Major issue is not running the games, that part the laptop has figured out, it is allowing you to play the games. Cramming in a Ryzen 9 4900HS and an Nvidia RTX 2060 Max-Q into a 14-inch chassis is where the laptop takes a beating.
Running a game like Watch Dogs 2 for even 15 minutes, the laptop gets extremely hot and after playing a game for 30 minutes, its up to your luck if you can even test it.
I was not able to render a video on it, so I cannot claim as to how it would have performed while doing that, but playing games for me was impossible on this without hurting my fingers.
The laptop while typing and doing my daily office work was a darling, with smooth keys and great performance. As a typing machine I fell in love with this. But, as a gaming machine I was scared of it.
Usually the top half of the keyboard used to get hot while gaming, which hints that the fans cannot cool the CPU and the GPU properly. You can make the fans run at a custom speed, however, for that you will have to overvolt the laptop to do just that, without burning out the fans. And even if you do so, the top half of the keyboard would get managed, but the bottom half would then start heating up like crazy.
The heating issue was prevalent in the Ryzen 3000 series chipsets also, but seemed to be better with the 4000 series. However, that too needs some space to cool down.
Due to the excessive heating, the processor you would think would throttle. However, I did not see the CPU temperature exceed 98-degrees. And CPUs start throttling after 99-degrees. So I would suggest that you get an external keyboard and mouse to play games and to edit your videos.
Overall, the performance has got me a bit flustered as the device is able to beat most other gaming laptops in terms of numbers and actual performance.
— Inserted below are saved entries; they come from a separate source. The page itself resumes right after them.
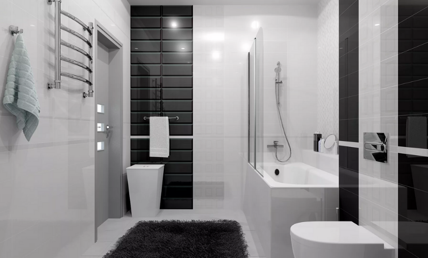 - Половинчатые решения. Если выбор остановился на яркой и интересной идее, следует идти до конца. Например, если выбрана черно-красная палитра для ванной, не стоит пытаться заменить алый цвет бордовым или винным оттенком. Стремление к умеренности лучше реализовать, выбрав нейтральную гамму. Любой оттенок можно обыграть эффектно, но контраста, используя полумеры, не достичь.
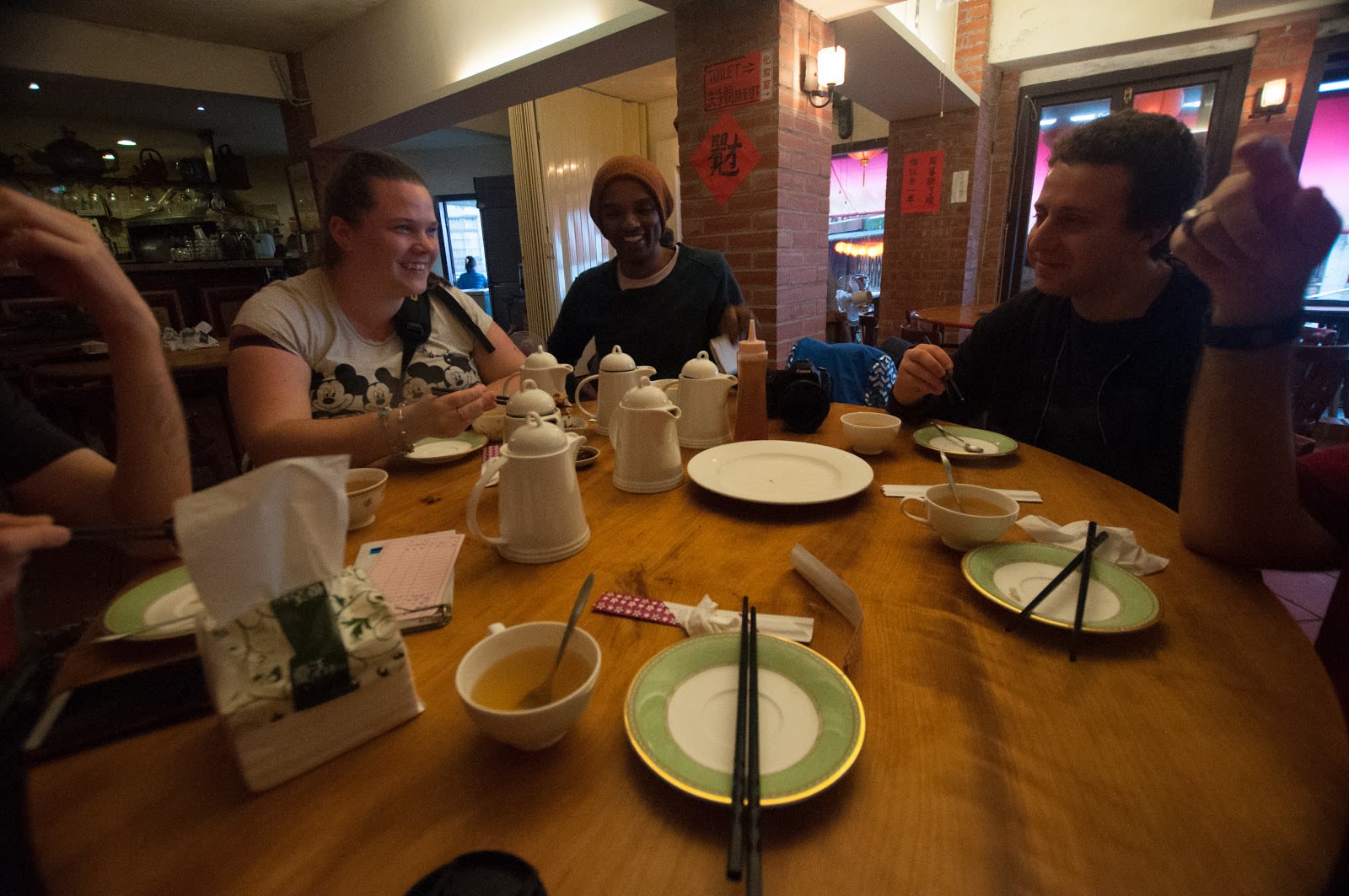 As we were walking the rain started picking up and just as we arrived at the town square we found a shop selling umbrellas for those who didn’t have any. Even though it was raining, the town square looked really nice. We started climbing the nearby stairs amongst a bustling crowd of people, there were umbrellas everywhere! On the stairs there were a few restaurants, we ended up stopping at a dumpling place and hoped the rain would blow over while we ate. The staff at the restaurant didn’t speak much English, but we managed to order some dumplings and nice warm tea for all of us, the only problem was that they interpreted “six teas” as “six tea pots”! There was so much tea we ended up paying more for tea than we did for food.
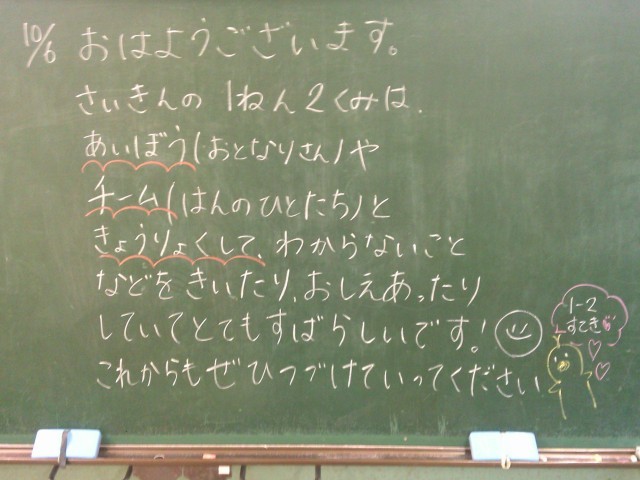 学級担任が黒板メッセージを準備して、子供たちの登校を待ちます。子供たちもそれを楽しみにしています。
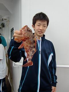 なかなか釣れず、みんなの気持ちも沈みかけた時、”釣れたぞ~!!先生写真写真!!”と声が上がりました。1番目の釣果は”かさご”でした。
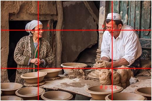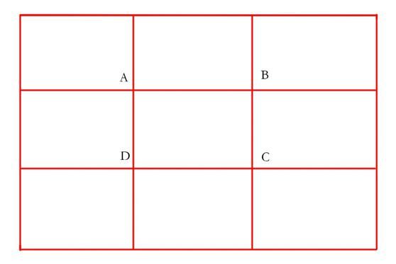 井字形构图和黄金分割法构图是什么意思呢?就是在拍摄的时候,拍摄主体也就是兴趣点,根据现场的情况,放在这ABCD这四个位置上,这样看起来画面是比较舒服,是比较协调的,比如说你拍摄一个人,人头应该是在交叉点上。
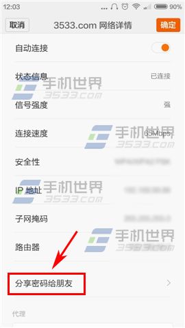 2)找到已經連接的WiFi,點擊【WiFi名稱後面的箭頭】,進入WiFi詳情,然後下拉點擊【分享密碼給朋友】;(如下圖)
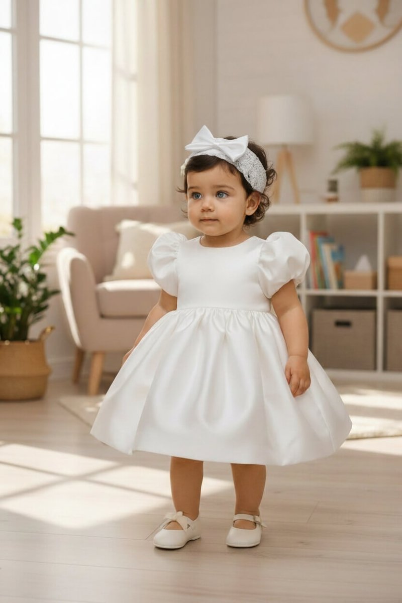 Perfetta da abbinare a un vestitino da battesimo, a un abito da damigella o a un completo cerimonia, questa fascetta aggiunge un tocco di dolcezza e classe, rendendo ogni momento ancora piรน speciale.

However, the heating issue is what is making me sway away from this laptop.
Apart from its stellar performance, without the heating issues, battery is another area that the Zephyrus G14 manages to stand out.
Using the laptop for basic tasks like writing articles, listening to music, browsing the internet, it was able to last me for around six to seven hours at a stretch. That is too impressive for a gaming laptop to be honest. Note, this was while the laptop was running in the Silent mode, with the GPU turned off and processor running at the minimum spec.
While gaming in Performance mode the laptop gave me around three hours of usage, which is quite decent for a gaming laptop.
One of the best things about this laptop was that it supports 65W PD charging. Due to which I was not always trying to plug in my charger, and instead used a PD charger to get the juice. This will come in quite handy when we are once more free to travel and these COVID-19 days are behind us.
Charging the laptop back from 0 to 100 with the bundled 180W charger took around one and a half hours. On the 65W PD charging, the laptop took over three hours to charge.
The Zephyrus G14 is a beast of a laptop held back by its portable form factor. The laptop has superb performance, a good keyboard, a smooth touchpad and battery life to put other gaming laptops to shame. But the overheating issue is holding me back from recommending it to everyone.
If you are looking for a daily driver laptop that gets work done then this is the laptop for you. Even if you want to game to edit videos, its processing power is up there with the best. However, if you want to game with the onboard keyboard this is not the laptop you should be looking at.